◆ YOUR ASSIGNMENT:
Reproduce each line below precisely. Drop the pictures.

(DATA SEGMENT begins)

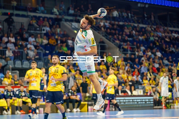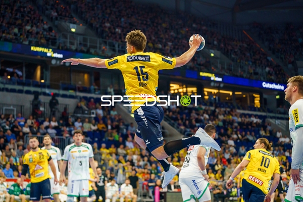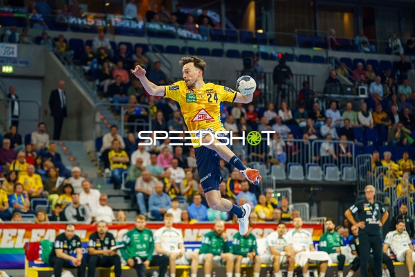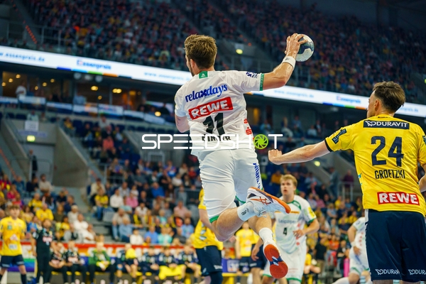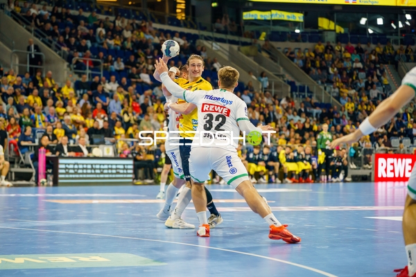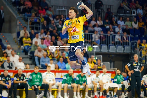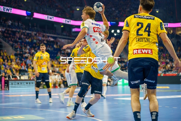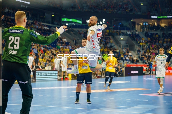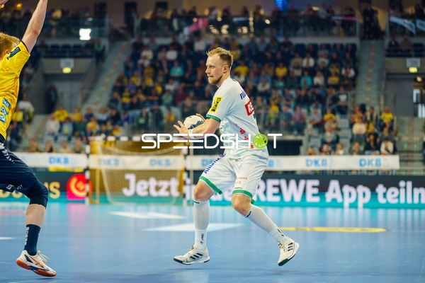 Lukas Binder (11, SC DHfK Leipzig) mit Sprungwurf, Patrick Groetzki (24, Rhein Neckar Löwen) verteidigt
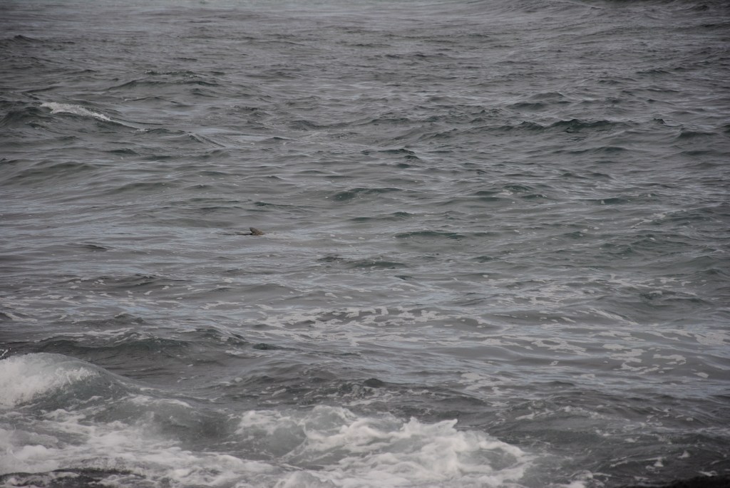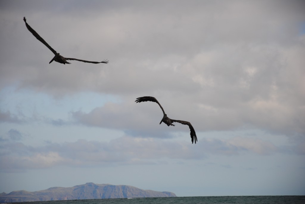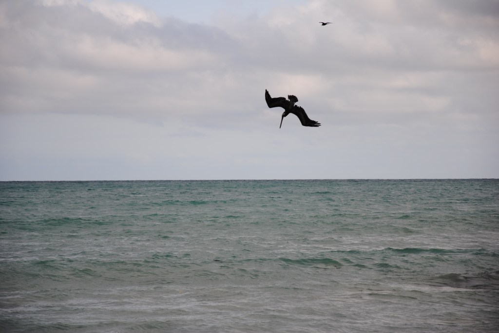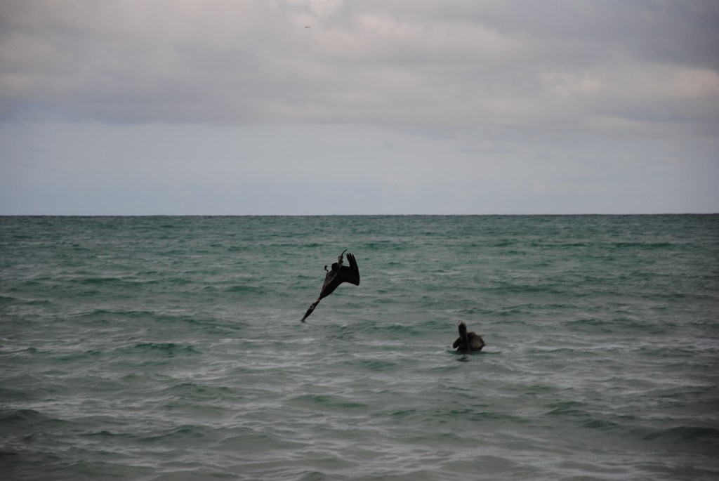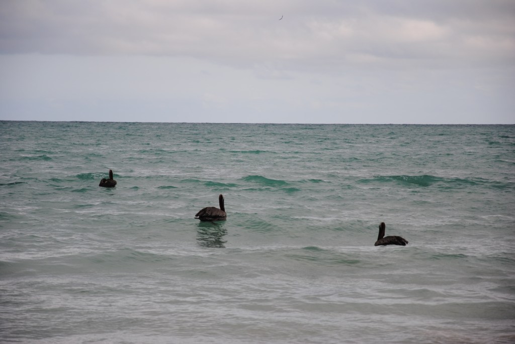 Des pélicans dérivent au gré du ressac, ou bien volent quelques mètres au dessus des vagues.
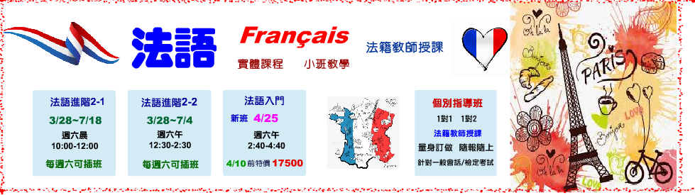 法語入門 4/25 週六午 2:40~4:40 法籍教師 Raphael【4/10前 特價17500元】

(DATA SEGMENT ends)

◆ RESULT:
 Lukas Binder (11, SC DHfK Leipzig) mit Sprungwurf, Patrick Groetzki (24, Rhein Neckar Löwen) verteidigt
 Des pélicans dérivent au gré du ressac, ou bien volent quelques mètres au dessus des vagues.
 法語入門 4/25 週六午 2:40~4:40 法籍教師 Raphael【4/10前 特價17500元】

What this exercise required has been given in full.